The glove has flex sensors attached to the index and ring fingers, which detect the amount of fingers deflection. These sensors change their electrical resistance based on the bending, which is captured to understand the finger’s position. I used double-sided tape to mount these sensors onto the glove, ensuring they stay in place during performances.

Additionally, there’s an Infrared Distance (IR) sensor on the palm of the glove. This sensor is crucial for detecting how far the hand is from various objects. It generates an electrical potential that changes with distance, making it a reliable proximity sensor.

Regarding sound, voice manipulation can be tricky, especially to avoid feedback issues in live settings. I chose the Shure SM58 microphone, known for its resilience against feedback and excellent sound rejection capabilities.

I utilized Pure Data (Pd), an open-source graphical programming language, and Bela, a unique hardware-software environment. This combination allowed me to prototype the sound and sensor mappings rapidly.

The mapping process in Voice/Bend is multi-layered, translating physical gestures into sound through various stages. This process is integral in converting the data from the glove’s sensors into meaningful musical parameters.

The microphone captures the voice and tracks the pitch, generating two distinct sound waves. These waves are then modified based on the glove’s sensor data, offering an intuitive way for vocalists to add new dimensions to their performance.

User-Study

In an evaluation of the Voice/Bend a performer with a background in singing participated. This user-centric evaluation aimed to assess the controller’s usability, musicality, expressiveness, and overall performance utility, integrating subjective and objective elements.

The performer found the Voice/Bend controller relatively straightforward in usability.

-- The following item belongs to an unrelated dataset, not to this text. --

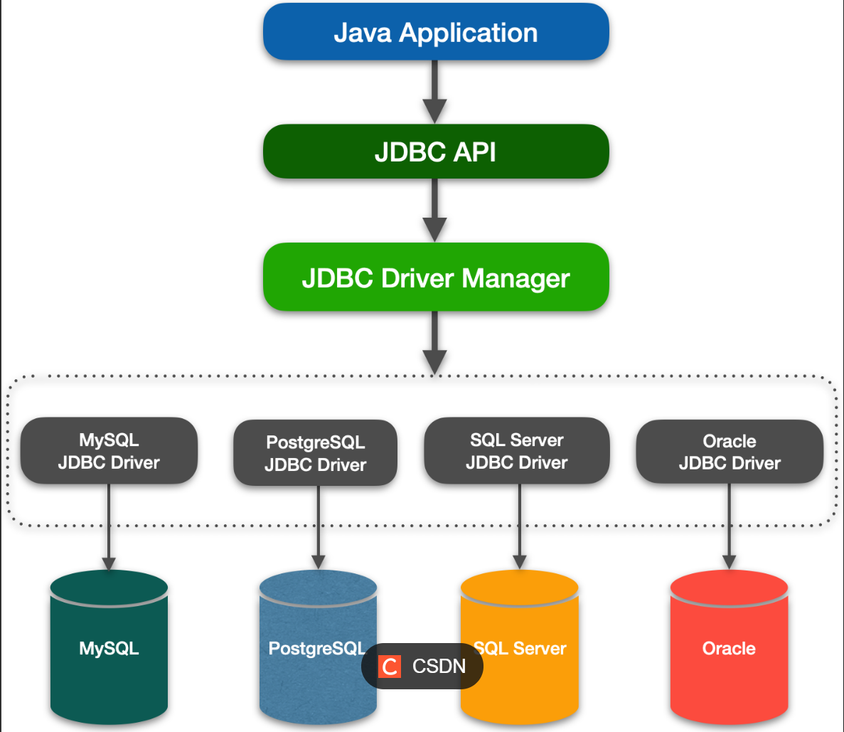 一篇学会JDBC JDBC(Java Database Connectivity,Java数据库连接)是一个Java API,可以与任何关系型数据库进行交互。它由一组用Java语言编写的类和接口组成,提供了一种标准的方法,允许Java程序发送SQL语句到数据库并处理返回的结果。:JDBC定义了一系列的标准接口和类,使得Java应用程序能够以一种统一的方式与不同的数据库进行交互。:通过JDBC,开发者可以使用相同的代码连接到不同的数据库系统,如MySQL、Oracle、SQL Server等。

While certain aspects were intuitive and easy to use, others presented a moderate learning curve. The controller excelled in its expressiveness, significantly enhancing the dynamic and emotional range of the performance. However, the intuitiveness of control received mixed responses, with some functions integrating smoothly into the performer’s style while others required more adaptation.

The user reported high levels of enjoyment and engagement, appreciating the controller’s ability to add new dimensions of sound and expression. Objective measurements indicated a reasonable learning time, with precise and accurate control over sound modulation tasks. The performer proficiently managed various musical aspects, including polyphony and feature modulation, essential elements of the controller’s design. Feedback also included suggestions for ergonomic improvements and increased sensor sensitivity, indicating areas for refinement. The flex sensors for controlling FM synthesis parameters were rated positively, with the index finger sensor rated as ‘Good’ and the ring finger sensor as ‘Very Good’. The IR sensor, used for controlling other sound parameters, was rated as ‘Fair’, suggesting a need for enhancement in its design for better precision and responsiveness.

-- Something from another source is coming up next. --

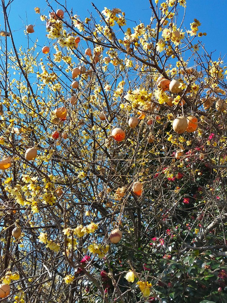 蝋梅にみかん!?いえいえ、からみついて乾燥したままのカラスウリです。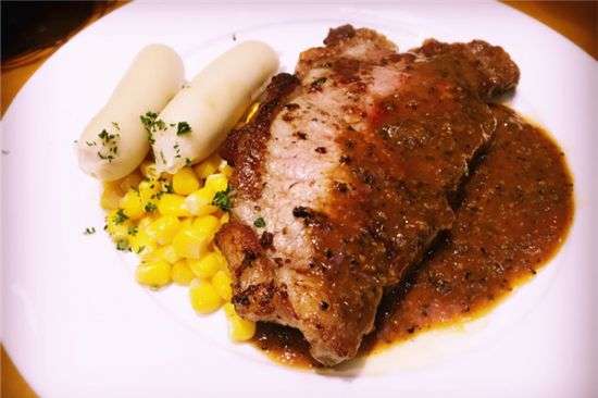 搜刮通篇菜單,最貴餐品不過38,雖然價格便宜,可在食材的選擇上卻一點不含糊,黑椒口味牛排是牛排中的經(jīng)典,精選牛里脊肉,經(jīng)過秘制黑椒腌料腌制,成品出來,恰到好處的鮮辣與鮮嫩口感相碰撞,激起舌尖無比美妙的味覺享受。魚排的口感很滑爽,肉質(zhì)無刺且多汁。蒜耳面包、披薩、草莓華夫餅也是推薦單品。

Overall, the Voice/Bend showed the potential to enhance interactive music performances. The performer’s feedback highlighted the importance of continuous refinement to realize the controller’s capabilities in live settings fully.

Future Considerations

To make the system more expressive, a key upgrade will be the addition of three extra flex sensors on each glove. These sensors will allow for a more comprehensive tracking of finger movements, enabling precise modulation of sound parameters like pitch, timbre, and volume. By accurately capturing the bending of each finger, musicians can express more complex gestures, thus enriching their performance with greater depth and nuance.

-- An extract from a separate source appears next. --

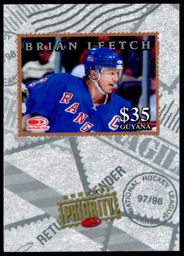 Click here for higher resolution image | First day of issue: April 01, 1998 Width: 63 mm Height: 90 mm Stamp ID = 9005 Location: Hockey card: Donruss Donruss, the hockey card company, produced the hockey card that goes along with the stamp guy-19980401-s-052. Hockey card stamp shows Brian Leetch |

Another significant enhancement will be integrating an Inertial Measurement Unit (IMU) into each glove. Positioned centrally on the back of the gloves, the IMU, with its 9 degrees of freedom, will track the orientation and movement of the hands. This technology is particularly effective in influencing the sound’s spatial characteristics, such as panning and spatial effects. With this addition, performers can manipulate the spatial positioning of the sound in real time, creating a more dynamic and immersive auditory experience.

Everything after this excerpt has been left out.